Biasanya mereka hanya merasa terpaksa, wajib, atau takut dengan hukuman. Jadi mereka ini ketika ditanya mengapa membuang sampah di tong sampah, jawabannya akan berkisar karena sudah aturan sekolah, nanti dimarahi / dihukum oleh guru atau orang tua, nanti tidak naik kelas, dan lain sebagainya.
Di sini menunjukkan bahwa faktor ekstrinsik (luar diri) jauh lebih dominan daripada faktor intriksik (dalam diri) dalam pengambilan keputusan.
Sebaliknya bagi mereka yang mampu menjelaskan alasan membuang sampah di tong sampah seperti: untuk menjaga kesehatan dan keindahan lingkungan; untuk menghindari banjir; untuk menghindari penyakit; dan lain-lain.
Tingkat nalar mereka sudah di level Analisa, dalam arti mereka mampu menganalisa sendiri tindakan yang dilakukan dari sebab sampai akibatnya. Mereka tidak sekedar ikut perintah dalam melakukan sesuatu tetapi dengan kesadaran penuh. Tingkat bernalar ini sudah masuk tingkat penalaran lebih tinggi (Higher Order Thinking Skills).
Tingkat bernalar yang lebih tinggi lagi adalah evaluasi. Mereka yang memiliki kemampuan berpikir di level ini ini, akan melihat sampah bukan sekedar sampah yang harus dibuang di tong sampah, tetapi mereka bisa mengevaluasi sampah itu berbagai ragamnya, ada yang mudah didaur ulang dan ada juga yang sulit sekali didaur ulang seperti sampah plastik. Oleh karenanya, mereka memisahkan sampah-sampah tersebut berdasarkan jenisnya mulai dari sampah kertas, plastik, organic, dan lainnya. Mereka mampu mengevaluasi tindakannya sendiri.
Tingkat keterampilan berpikir paling tinggi dalam HOTS adalah menciptakan. Di sinilah manusia mampu menciptakan hal yang baru atau membuat gerakan baru untuk suatu perubaan nyata.
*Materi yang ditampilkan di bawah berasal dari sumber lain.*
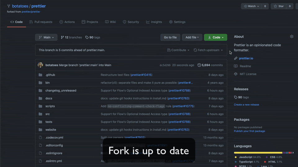 만일 Branch 간의 충돌이 없는 경우, fork의 Branch는 상위 Branch로 빠르게 전달되거나 병합될 것입니다. 충돌이 일어날 경우, 풀리퀘스트를 열어 문제를 해결하라는 메시지의 안내에 따라 해결하면 됩니다.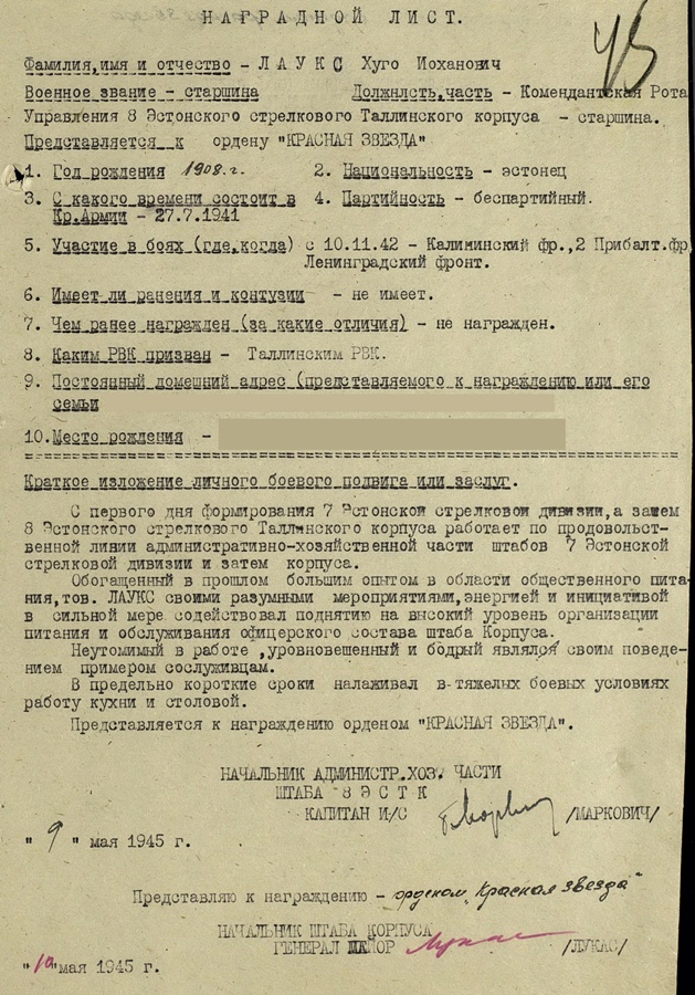 ...selle eest, et lahingus Velikei-Luki äärelinnas? "Valge maja" ründamisel 25.12.42 ilmutas äärmist mehisust ja vaprust. Hävitas vintpüssist 3 fašisti ja õhutas (tekitas?) midagi?? fašistide vastu teistes võitlejates??? (ei saa pihta, mis sõna seal on?) Rünnakule läks alati esimesena haarates endaga kaasa ülejäänud massi. "Valge maja" ründamisel sai raskesti haavata.....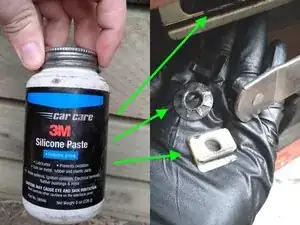 Смажьте нижнюю направляющую стекла и втулки перед сборкой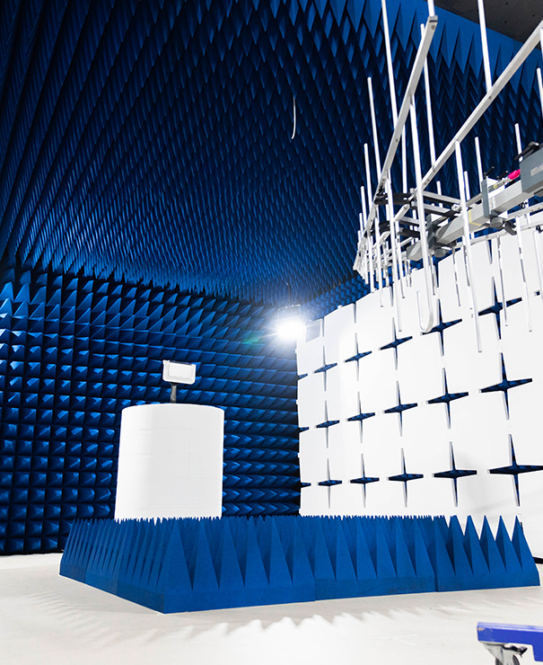 La chambre anéchoïque permet d’effectuer des campagnes de mesures afin de s’assurer de la conformité du produit aux normes en vigueur, aussi bien en émissivité qu’en immunité (interaction du produit dans son environnement).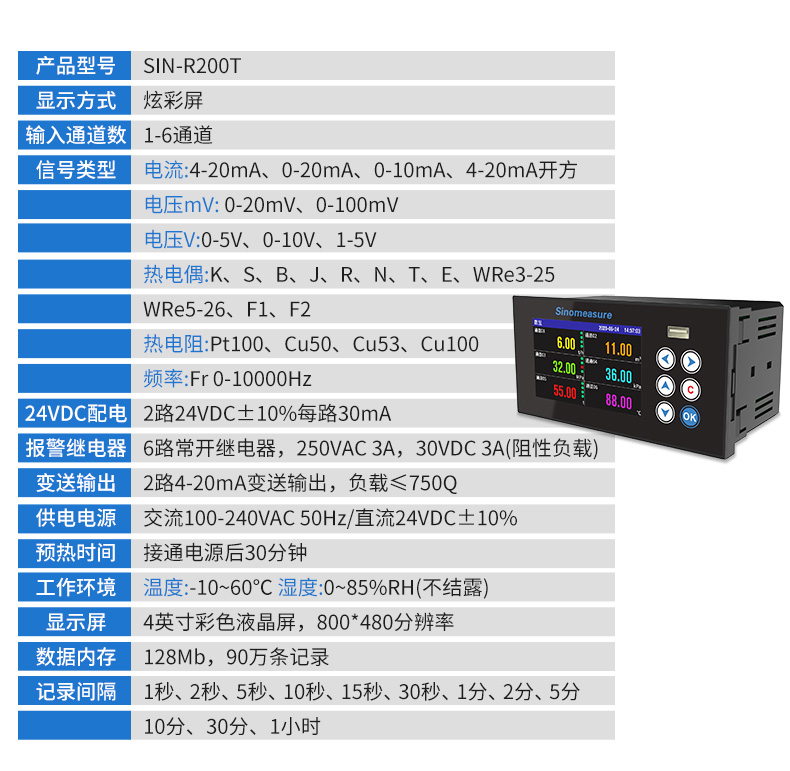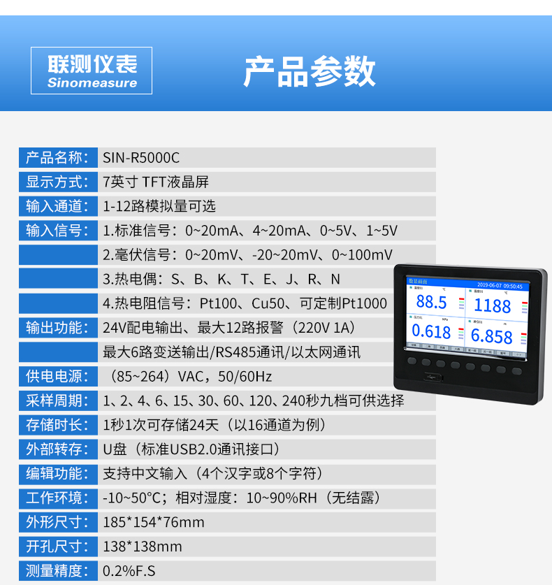 • 聯測_SIN-R5000C_1-12路可選_7英寸無紙記錄儀_溫度_壓力_多種參數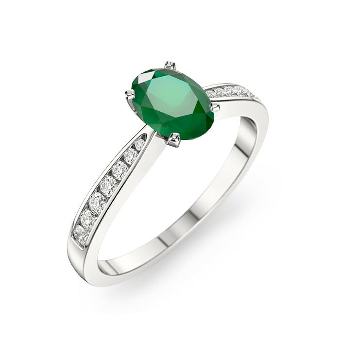 Erika est une déclinaison du modèle emblématique Anaïs, mais habillée d'un chaton droit et non croisé. Elle est sertie d’une pierre précieuse centrale au choix (diamant, émeraude, rubis, saphir...) et accompagnée de 14 diamants sur les côtés. Sa pierre centrale est sublimée par la monture (en or blanc, jaune, rose 750‰ ou platine 950‰) qui s'affine légèrement.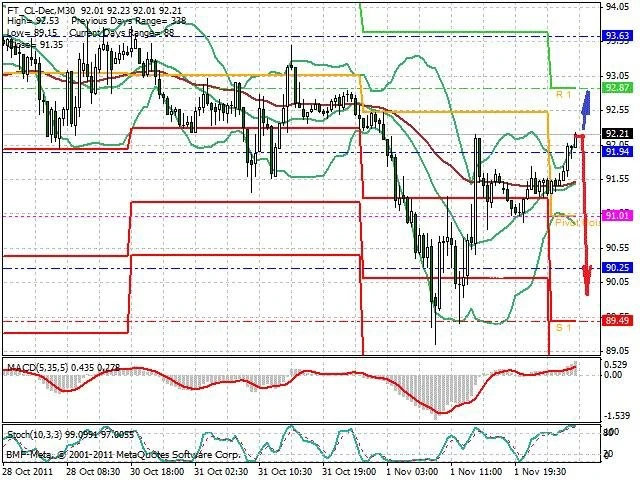 Předpokládaný pohyb pro dnešní den SHORT. Případné vstupy do obchodu z hladiny 92.25 s předpokládaným cílem 90 případně až 89.45. Proražení hladiny 92.25 může vést k pohybu s pravděpodobným cílem 92.85 až 93.85.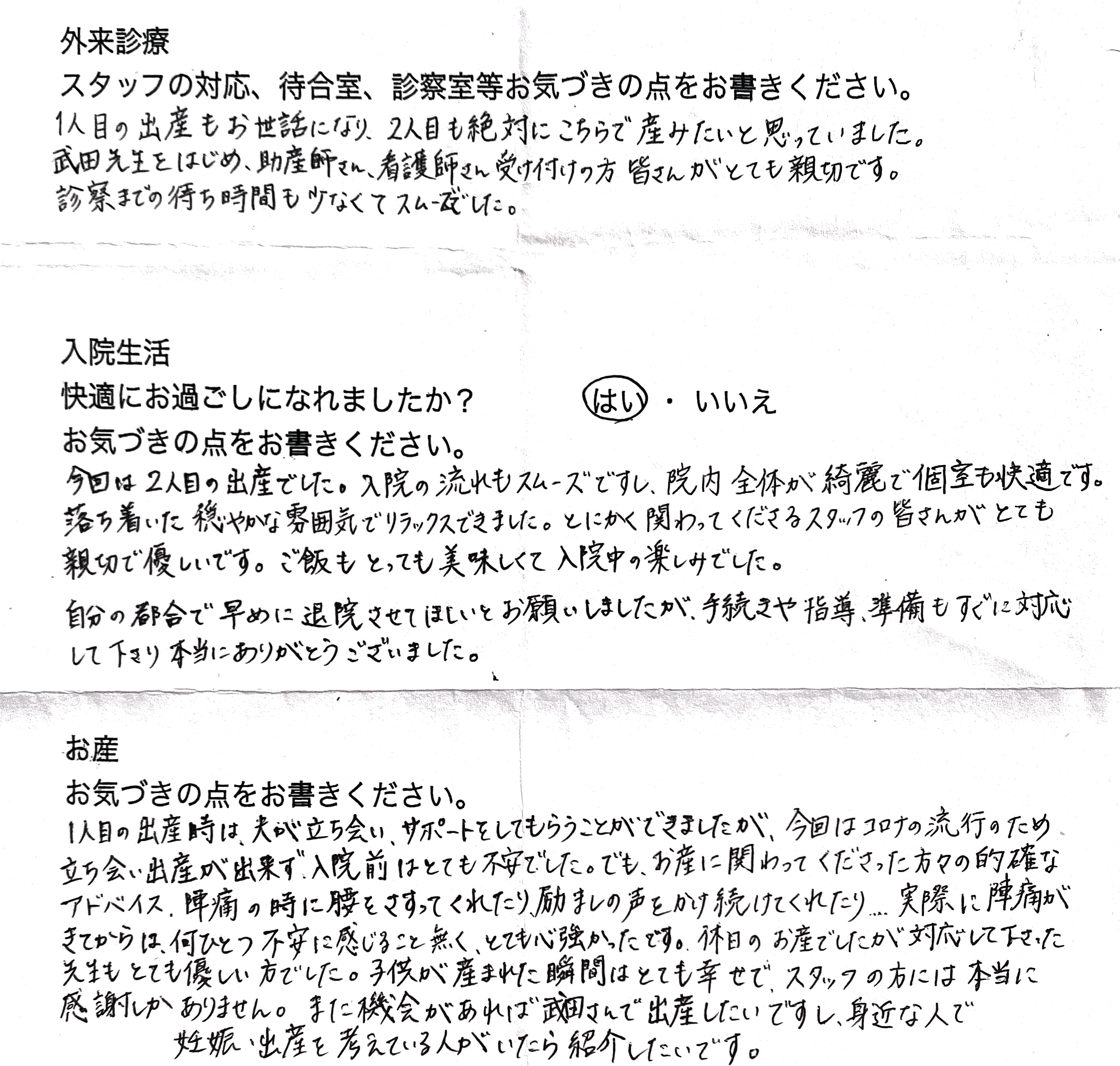 当院ご出産のママの声

Misalnya dengan membuat pupuk kompos dari sampah, menciptakan karya dari bahan sampah (daur ulang), maupun membuat sebuah gerakan sekolah / kampung bebas sampah.
Dengan demikian jelaslah perbedaan antara nalar rendah yang dalam bertindak hanya sebatas ikut perintah orang lain, tidak memiliki pilihan karena kewajiban semata, dan biasanya akan merasa ditekan (tidak merdeka). Sedangkan mereka yang bernalar tinggi adalah orang-orang yang selalu punya pilihan (merdeka) karena mereka sadar penuh sebab dan akibat segala tindakan yang dilakukannya.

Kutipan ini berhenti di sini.